→ **SUPPLIED MATERIAL**

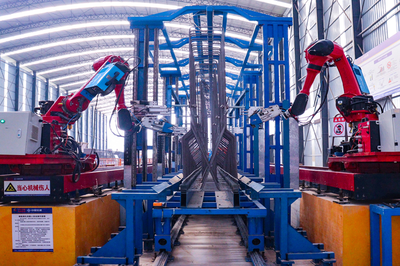 机械人协同完成钢筋下料、定位、绑扎、焊接等
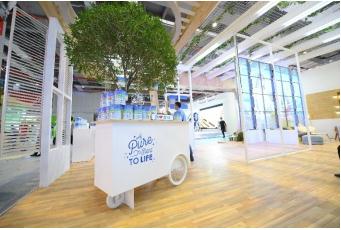展会现场,贝拉米以简洁、大气的设计向大家展示了品牌的有机理念。展位设计延续了品牌蓝白两色的主色调,以体现纯净的感觉;展台材质使用浅色系为主,搭配透明玻璃,强调整体空间通透感;同时在细节展示上加入天然物件搭配,看似随意的配饰方法不仅不显杂乱,反而让人感觉自然与温暖。总体而言,贝拉米通过对细节的考究,再次向大家诠释了品牌所坚持的有机理念。
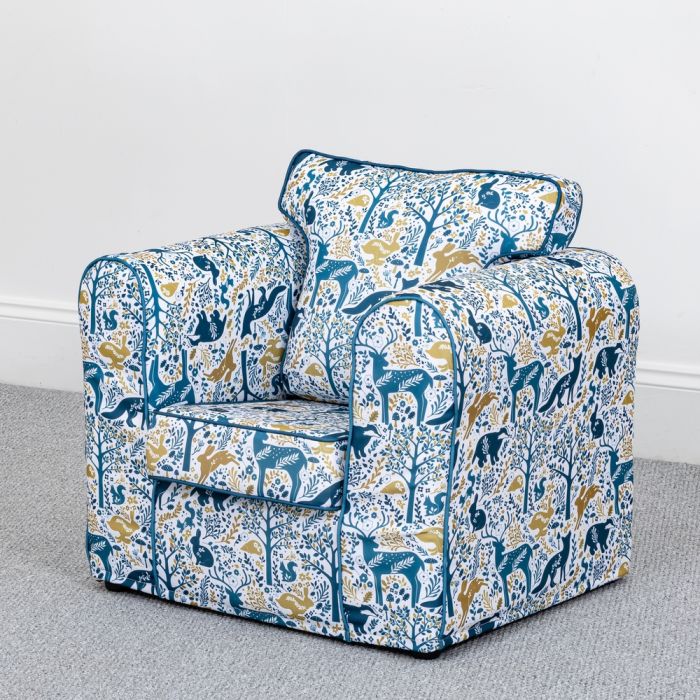 Part of the KCS Wild Wood Furniture Range. This chair has been designed for children and is perfect for home corners, reading areas or a place for children to relax. Our Animal Print is a beautiful and engaging woodland print inspired by Scandinavian folk art. Children can point out recognisable woodland animals, such as deer, squirrels, or foxes. Perfect to encourage children to develop an interest in wildlife and the great outdoors, while creating a calm environment in your space. The covers are removeable and can be washed up to 30 degrees. Simply take off and put back on again. H660 x W640 x D520 x SH300mm.
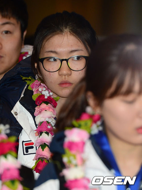 입국장에서 심석희가 박승희 뒤에서 눈치를 보고 있다../ rumi@osen.co.kr
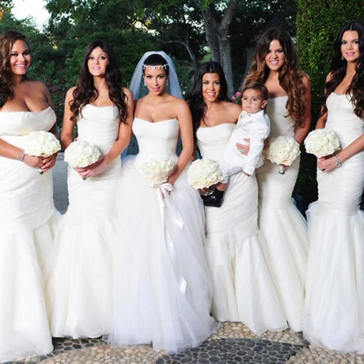 Elegant Tulle Mermaid White Bridesmaid Dress Sweetheart Sleeveless

→ **ACTIVITY**
Word for word, restate the lines above from the first through the one that contains "展会现场,贝拉米以简洁、大气", and exclude all pictures.

→ **OUTPUT**
 机械人协同完成钢筋下料、定位、绑扎、焊接等
展会现场,贝拉米以简洁、大气的设计向大家展示了品牌的有机理念。展位设计延续了品牌蓝白两色的主色调,以体现纯净的感觉;展台材质使用浅色系为主,搭配透明玻璃,强调整体空间通透感;同时在细节展示上加入天然物件搭配,看似随意的配饰方法不仅不显杂乱,反而让人感觉自然与温暖。总体而言,贝拉米通过对细节的考究,再次向大家诠释了品牌所坚持的有机理念。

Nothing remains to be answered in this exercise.